A faithful copy of the data below is required, leaving out every picture.

**Supplied data**
--
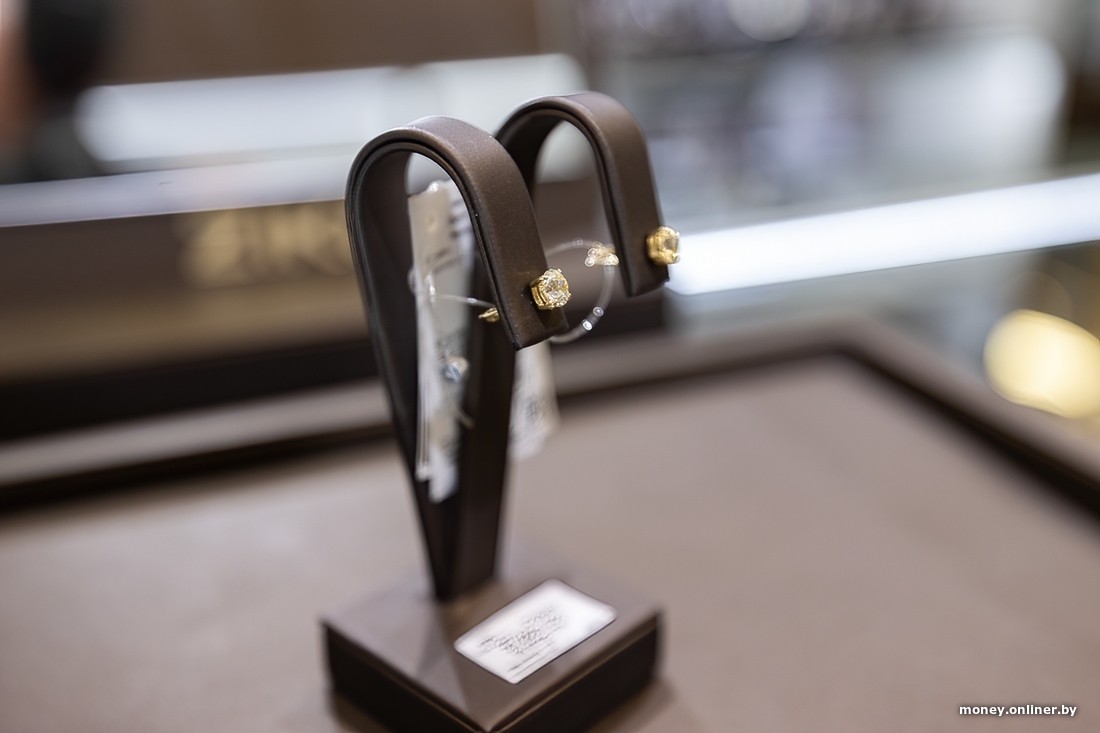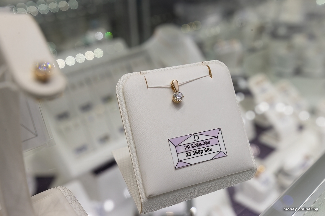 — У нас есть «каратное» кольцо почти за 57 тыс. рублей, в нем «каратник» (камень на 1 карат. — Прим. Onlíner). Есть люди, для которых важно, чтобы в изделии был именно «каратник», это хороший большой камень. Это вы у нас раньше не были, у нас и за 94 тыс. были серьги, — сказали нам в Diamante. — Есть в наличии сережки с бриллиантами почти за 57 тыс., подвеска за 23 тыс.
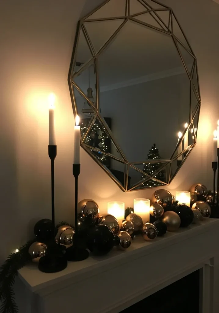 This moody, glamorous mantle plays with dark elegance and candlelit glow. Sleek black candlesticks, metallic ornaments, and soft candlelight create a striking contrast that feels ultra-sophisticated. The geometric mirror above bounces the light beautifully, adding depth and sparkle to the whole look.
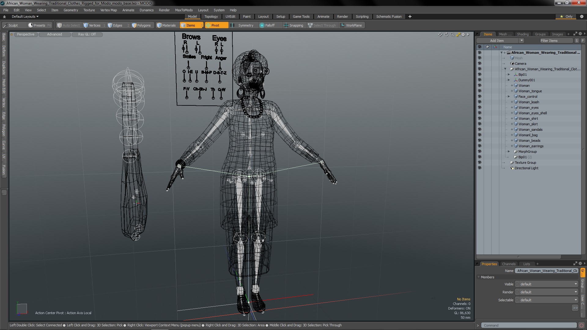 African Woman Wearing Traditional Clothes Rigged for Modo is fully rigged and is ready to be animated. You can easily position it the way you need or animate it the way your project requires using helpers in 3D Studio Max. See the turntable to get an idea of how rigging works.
--
**Exercise answer**
 — У нас есть «каратное» кольцо почти за 57 тыс. рублей, в нем «каратник» (камень на 1 карат. — Прим. Onlíner). Есть люди, для которых важно, чтобы в изделии был именно «каратник», это хороший большой камень. Это вы у нас раньше не были, у нас и за 94 тыс. были серьги, — сказали нам в Diamante. — Есть в наличии сережки с бриллиантами почти за 57 тыс., подвеска за 23 тыс.
 This moody, glamorous mantle plays with dark elegance and candlelit glow. Sleek black candlesticks, metallic ornaments, and soft candlelight create a striking contrast that feels ultra-sophisticated. The geometric mirror above bounces the light beautifully, adding depth and sparkle to the whole look.
 African Woman Wearing Traditional Clothes Rigged for Modo is fully rigged and is ready to be animated. You can easily position it the way you need or animate it the way your project requires using helpers in 3D Studio Max. See the turntable to get an idea of how rigging works.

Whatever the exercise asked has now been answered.